Problem statement: For this exercise, retype the lines from the one that holds "图③ 10月8日,上海铁路公" through the one that holds "4일 순천농협(조합장 최남휴)은" in the records below, both included, exactly and without pictures.

Dataset items
........

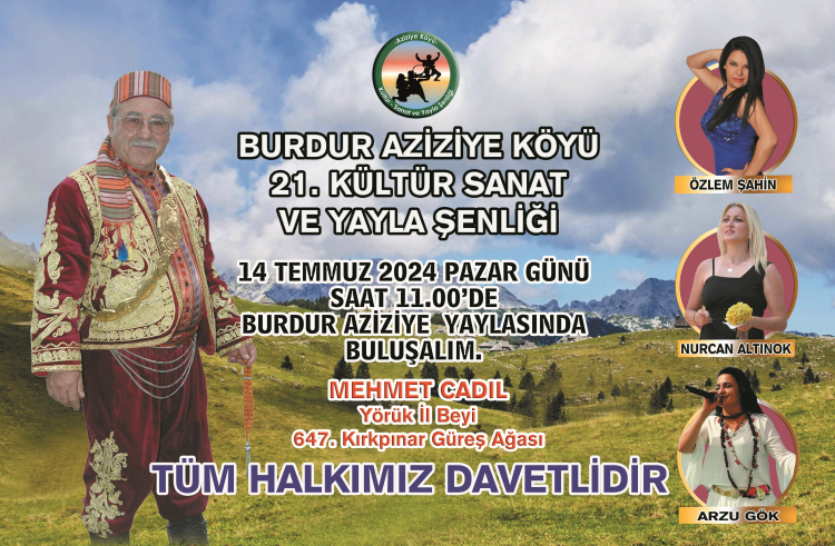 Saat 11.00’de başlayacak olan “Aziziye Köyü 21. Kültür, Sanat ve Yayla Şenliği’nde Türk Halk Müziği Sanatçıları Arzu Gök, Nurcan Altınok ve Özlem Şahin sahne alacak. Burdur Yörük İl Beyi, 647. Kırkpınar Güreş Ağası Hayırsever İş İnsanı Mehmet Cadıl ve Aziziye Köyü Muhtarı Ali Kozak, Burdur merkez, ilçe, belde ve köyleriyle çevre il ve ilçelerden herkesi şenliğe davet etti. Aziziye Köyü 21. Kültür, Sanat ve Yayla Şenliği, 14 Temmuz Pazar günü, Kanal 15 ekranlarından canlı yayınla izleyicilere aktarılacak.
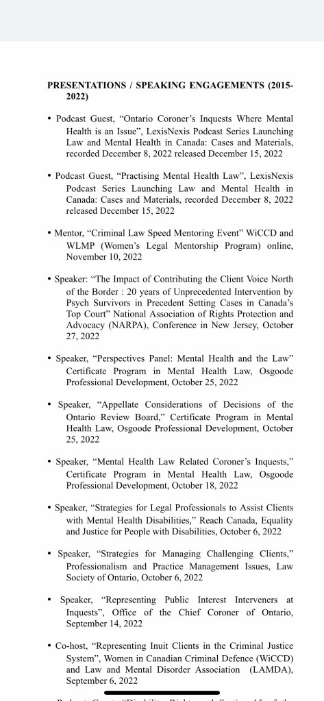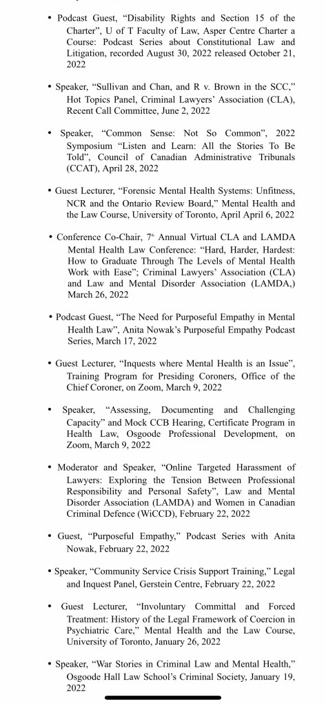2022 was the busiest and most exciting year to date for panel presentations and podcasts, webinars, all manner of sharing experiences with many new lawyers, students and colleagues. Beyond the usual fare of events such as co-chairing the annual LAMDA/CLA Mental Health Law Conference, as always, I received an unprecedented number of new request and invitations for speaking engagements. Too many to set out here, but I did decide to post my CV to my blog to faciliate some responses to these invitations, which you can view here:
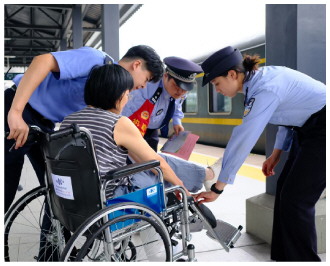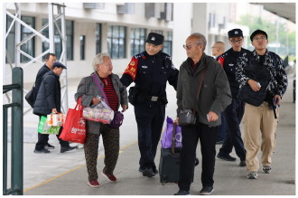 图③ 10月8日,上海铁路公安局杭州铁路公安处嘉兴车站派出所与杭州乘警支队组织民警在车站向旅客普及安全常识,并为重点旅客提供暖心服务,守护旅客返程平安。图为民警在嘉兴火车站帮助行动不便的旅客乘车。
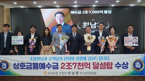 4일 순천농협(조합장 최남휴)은 NH농협 전남본부 수상식에서 예수금 2조7000억원 달성의 성과를 인정받아 '달성탑'을 수상했다. 최근 금융시장의 불확실성과 경기 침체 등 어려운 환경 속에서도 안정적인 자산 운용, 철저한 리스크 관리, 고객 중심의 서비스를 통해 성장을 이어간 점이 높은 평가를 받았다.
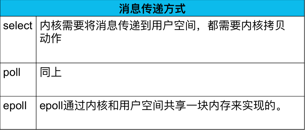 - 不管是哪种I/O机制,都无法避免fd在操作过程中拷贝的问题,而 epoll 使用了 mmap (是指文件/对象的内存映射,被映射到多个内存页上),所以同一块内存(共享内存)就可以避免这个问题(详细看前面的零拷贝技术及 mmap)。
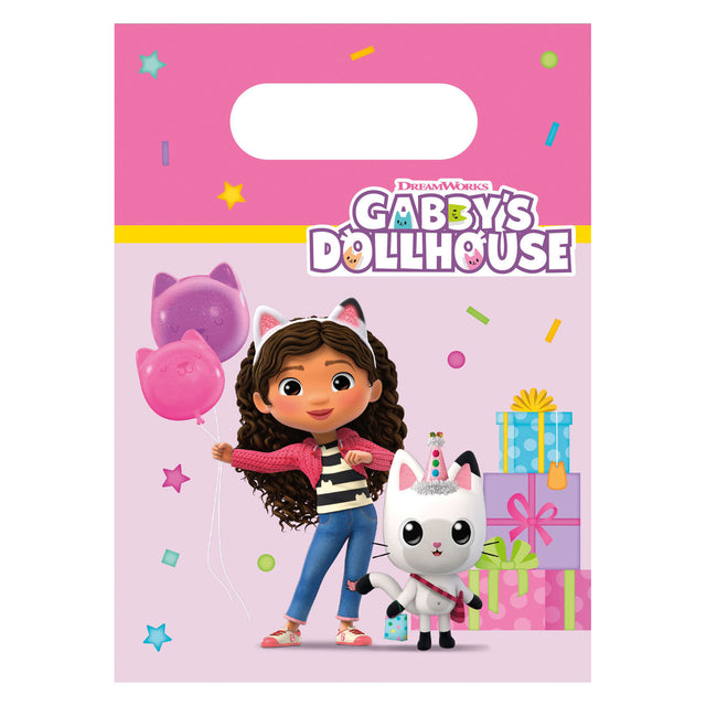 Gabby's Dollhouse paper party bags are perfect for handing out treats at parties. This package contains four bags, each measuring 16 x 22 centimeters.
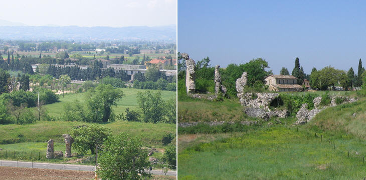 (left) The site of the Roman amphitheatre and in the far distance Bevagna: (right) ruins of the amphitheatre
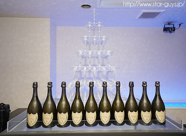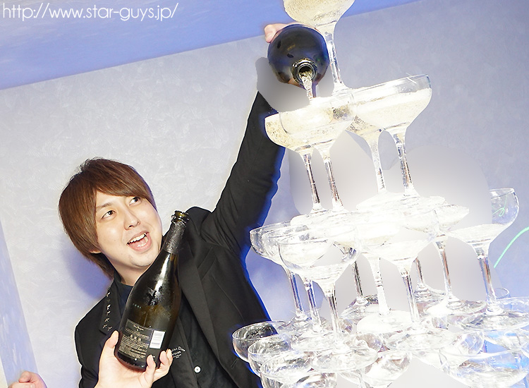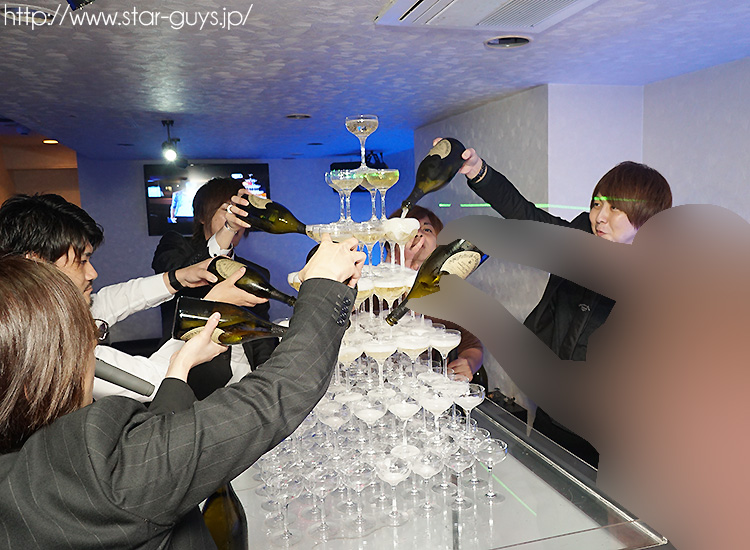 シャンパンタワーがスタート!!心地よい音が店内に響き渡りました♪
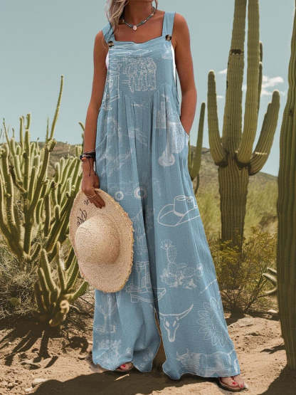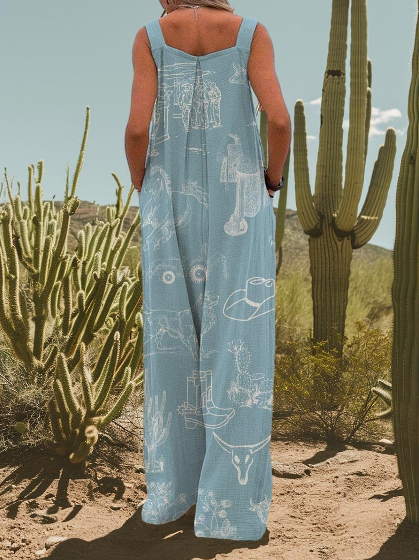 Baby Blue Women's Western Elements Print Casual Strap Wide Leg Pants
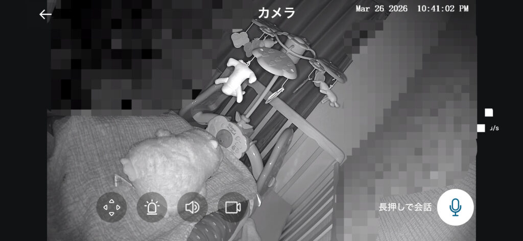 これがかなり優秀で、真っ暗でもはっきり映るので寝ているときの見守りカメラとして
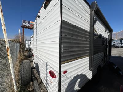 Camping with a group has never been easier than in this travel trailer with bunk beds! You will enjoy the bed up front and there is a wardrobe nearby to keep your clothes tidy. This model also includes a booth dinette slide that will be perfect for meal times, game night, and even sleeping space for one to two people. Whip up some eggs and bacon on the two burner cooktop or in the microwave oven before you head out for the day. The full bath with a tub/shower will be perfect if you're camping with little ones, and there is plenty of counterspace to set out your bathroom necessities.
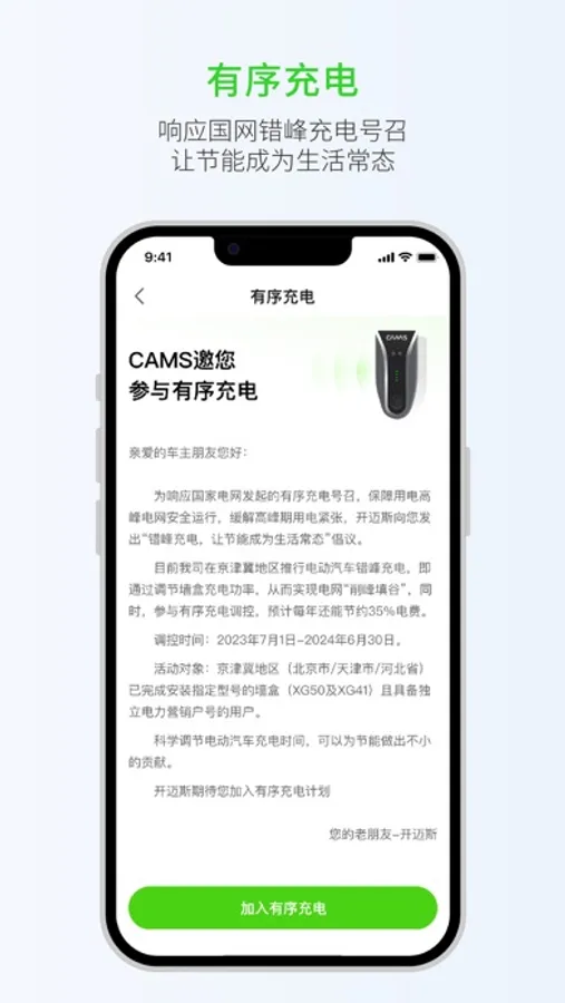 【即插即充很方便】开迈斯支持指定车型开通即插即充功能,插枪启动充电,方便快捷。

........

Expected answer:
 图③ 10月8日,上海铁路公安局杭州铁路公安处嘉兴车站派出所与杭州乘警支队组织民警在车站向旅客普及安全常识,并为重点旅客提供暖心服务,守护旅客返程平安。图为民警在嘉兴火车站帮助行动不便的旅客乘车。
 4일 순천농협(조합장 최남휴)은 NH농협 전남본부 수상식에서 예수금 2조7000억원 달성의 성과를 인정받아 '달성탑'을 수상했다. 최근 금융시장의 불확실성과 경기 침체 등 어려운 환경 속에서도 안정적인 자산 운용, 철저한 리스크 관리, 고객 중심의 서비스를 통해 성장을 이어간 점이 높은 평가를 받았다.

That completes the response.